Fast resampling of spectra file. The output resolution = Id. The neighboring flux bins are correlated.

Parameters:	spectra – desispec.spectra.Spectra object wave – 1D numy array with new wavelenght grid
Returns:	desispec.spectra.Spectra object, resolution data=Id

desispec.coaddition.get_resampling_matrix(global_grid, local_grid, sparse=False)[source]¶

Build the rectangular matrix that linearly resamples from the global grid to a local grid.

The local grid range must be contained within the global grid range.

Parameters:	global_grid (numpy.ndarray) – Sorted array of n global grid wavelengths. local_grid (numpy.ndarray) – Sorted array of m local grid wavelengths.
Returns:	Array of (m,n) matrix elements that perform the linear resampling.
Return type:	numpy.ndarray

desispec.coaddition.resample_spectra_lin_or_log(spectra, linear_step=0, log10_step=0, fast=False, wave_min=None, wave_max=None, nproc=1)[source]¶

Resampling of spectra file.

Parameters:	spectra – desispec.spectra.Spectra object linear_step – if not null the ouput wavelenght grid will be linear with this step log10_step – if not null the ouput wavelenght grid will be logarthmic with this step

Options:: fast: simple resampling. fast but at the price of correlated output flux bins and no information on resolution wave_min: if set, use this min wavelength wave_max: if set, use this max wavelength

Returns:	desispec.spectra.Spectra object

desispec.coaddition.spectroperf_resample_spectra(spectra, wave, nproc=1)[source]¶

Resampling of spectra file using the spectrophotometic approach

Parameters:	spectra – desispec.spectra.Spectra object wave – 1D numy array with new wavelenght grid
Returns:	desispec.spectra.Spectra object

desispec.cosmics¶

Utility functions to find cosmic rays

desispec.cosmics._reject_cosmic_rays_ala_sdss_single(pix, ivar, selection, psf_gradients, nsig, cfudge, c2fudge)[source]¶

Cosmic ray rejection following the implementation in SDSS/BOSS. (see idlutils/src/image/reject_cr_psf.c and idlutils/pro/image/reject_cr.pro)

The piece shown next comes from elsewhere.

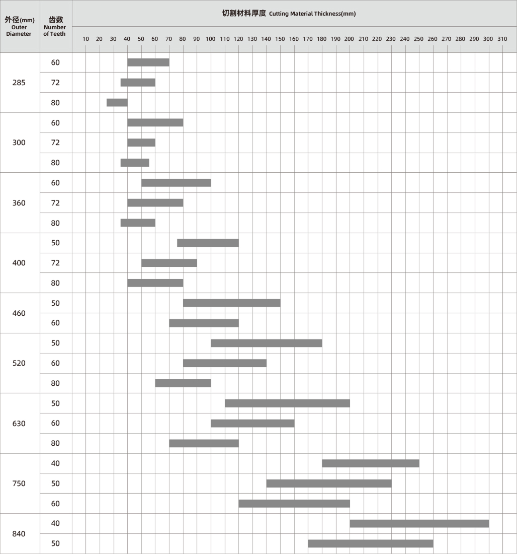 切削外徑與齒數(shù)對應(yīng)表

This routine is a single call, similar to IDL routine reject_cr_single Called by reject_cosmic_rays_ala_sdss with an iteration

Input is a pre-processed image : desispec.Image Ouput is a rejection mask of the same size as the image

A faster version of this routine using numba in implemented in _reject_cosmic_rays_ala_sdss_single_numba

Parameters:	pix – input desispec.Image.pix (counts in pixels, 2D image) ivar – inverse variance of pix selection – array of booleans psf_gradients – 1D array of size 4, for 4 axes: horizontal,vertical and 2 diagonals nsig – number of sigma above background required cfudge – number of sigma inconsistent with PSF required c2fudge – fudge factor applied to PSF

desispec.cosmics._reject_cosmic_rays_ala_sdss_single_numba(pix, ivar, selection, psf_gradients, nsig, cfudge, c2fudge)[source]¶

Cosmic ray rejection following the implementation in SDSS/BOSS. (see idlutils/src/image/reject_cr_psf.c and idlutils/pro/image/reject_cr.pro)

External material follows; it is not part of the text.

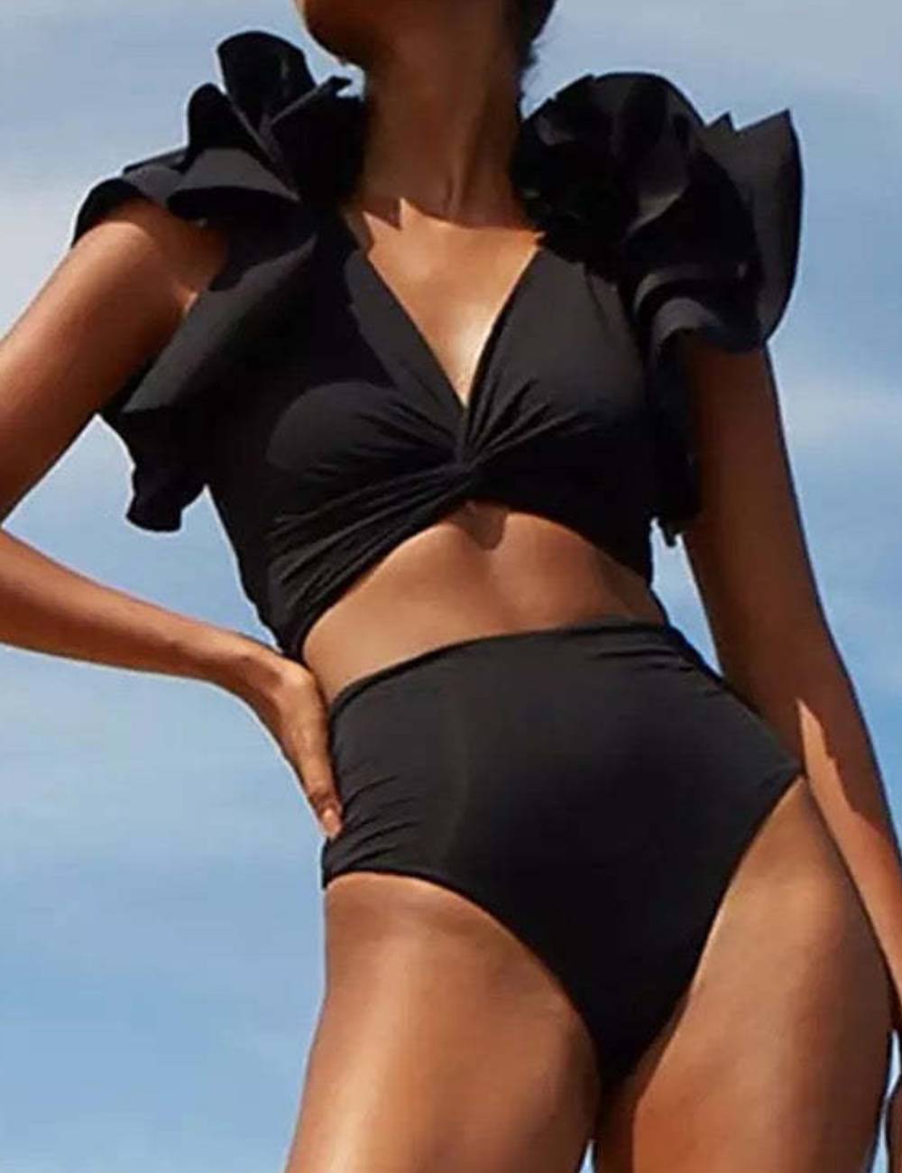 One Ruffle Shoulder One Piece with Cover SKSW40128

This routine is a single call, similar to IDL routine reject_cr_single Called by reject_cosmic_rays_ala_sdss with an iteration

Input is a pre-processed image : desispec.Image Ouput is a rejection mask of the same size as the image

This routine is much faster than _reject_cosmic_rays_ala_sdss_single (if you have numba installed, otherwise it is catastrophically slower)

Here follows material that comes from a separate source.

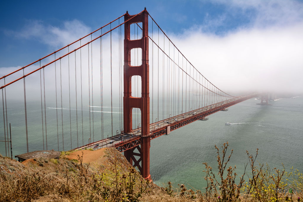 Most Golden Gate widziany z punktu widokowego Battery Spencer. Przejeżdża przez niego około 3,5 miliona samochodów miesięcznie. Most przetrwał wszystkie trzęsienia ziemi od 1937 roku, czyli od chwili otwarcia.
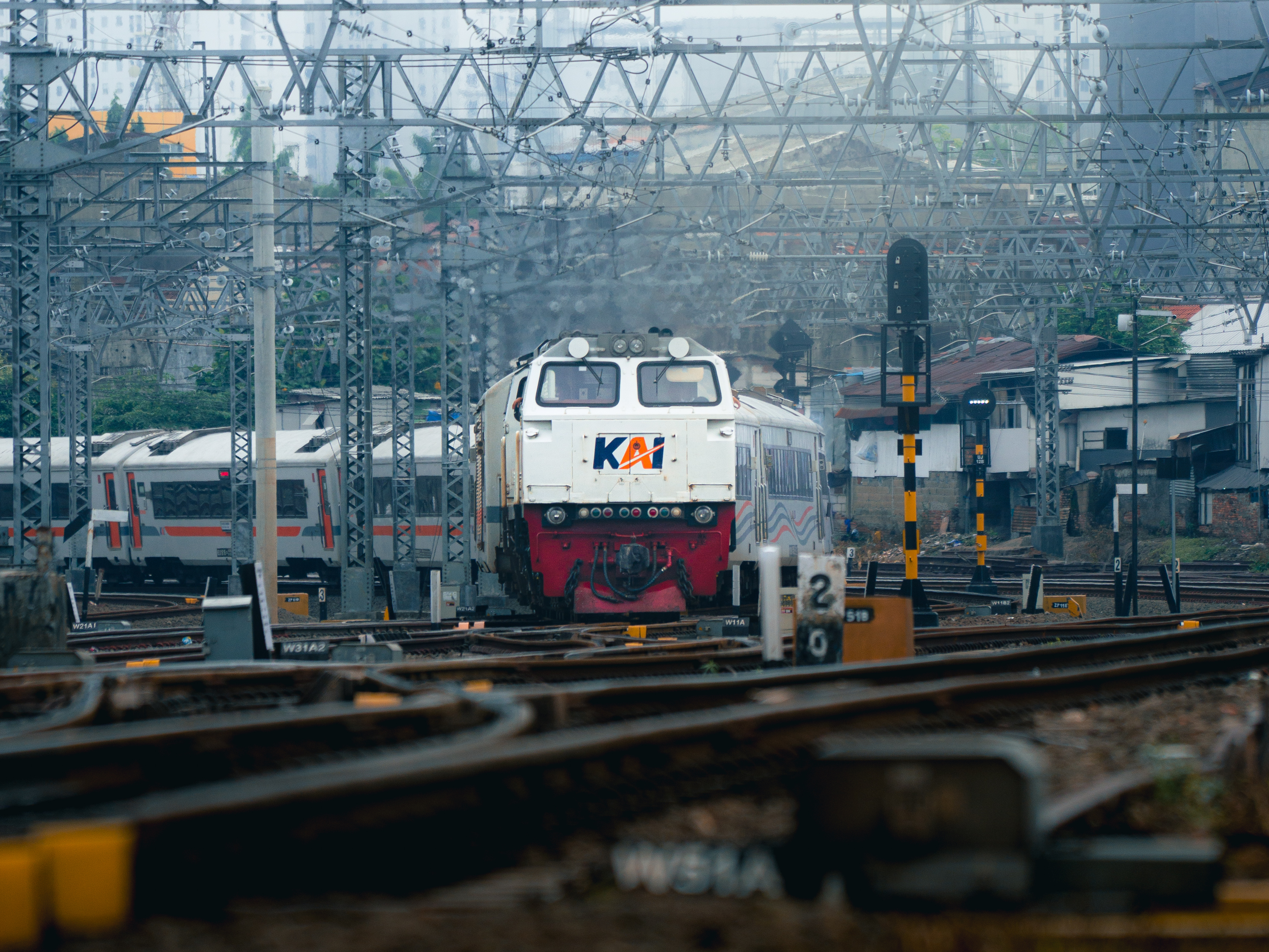 TM05-010 berpapasan dengan lokomotif berbunga di Stasiun Jakarta Kota

Parameters:	pix – input desispec.Image.pix (counts in pixels, 2D image) ivar – inverse variance of pix selection – array of booleans psf_gradients – 1D array of size 4, for 4 axes: horizontal,vertical and 2 diagonals nsig – number of sigma above background required cfudge – number of sigma inconsistent with PSF required c2fudge – fudge factor applied to PSF

desispec.cosmics.reject_cosmic_rays(img, nsig=5.0, cfudge=3.0, c2fudge=0.9, niter=100, dilate=True)[source]¶

Cosmic ray rejection Input is a pre-processed image : desispec.Image The image mask is modified

Parameters:	img – input desispec.Image

desispec.cosmics.reject_cosmic_rays_1d(frame, nsig=3, psferr=0.05)[source]¶: Use resolution matrix in frame to detect spikes in the spectra that are narrower than the PSF, and mask them

desispec.cosmics.reject_cosmic_rays_ala_sdss(img, nsig=6.0, cfudge=3.0, c2fudge=0.5, niter=6, dilate=True)[source]¶

Cosmic ray rejection following the implementation in SDSS/BOSS. (see idlutils/src/image/reject_cr_psf.c and idlutils/pro/image/reject_cr.pro)

This routine is calling several times reject_cosmic_rays_ala_sdss_single, similar to IDL routine reject_cr. There is an optionnal dilatation of the mask by one pixel, as done in sdssproc.pro for SDSS

Input is a pre-processed image : desispec.Image Ouput is a rejection mask of the same size as the image

Parameters:	img – input desispec.Image nsig – number of sigma above background required cfudge – number of sigma inconsistent with PSF required c2fudge – fudge factor applied to PSF niter – number of iterations on neighboring pixels of rejected pixels dilate – force +1 pixel dilation of rejection mask

desispec.database¶

Tools for loading DESI data into databases.

At the present time, this covers:

Raw metadata database.
Redshift results database (a.k.a “SpectraDB”).

It does not include:

Pipeline processing status database.
Imaging and targeting databases.

desispec.database.metadata¶

Code for interacting with the file metadatabase.

class desispec.database.metadata.Brick(**kwargs)[source]¶: Representation of a region of the sky.

class desispec.database.metadata.BrickStatus(**kwargs)[source]¶: Representation of the status of a particular Brick.

class desispec.database.metadata.ExposureFlavor(**kwargs)[source]¶: List of exposure flavors. Used to constrain the possible values.

class desispec.database.metadata.Frame(**kwargs)[source]¶: Representation of a particular pointing, exposure, spectrograph and band (a.k.a. ‘channel’ or ‘arm’).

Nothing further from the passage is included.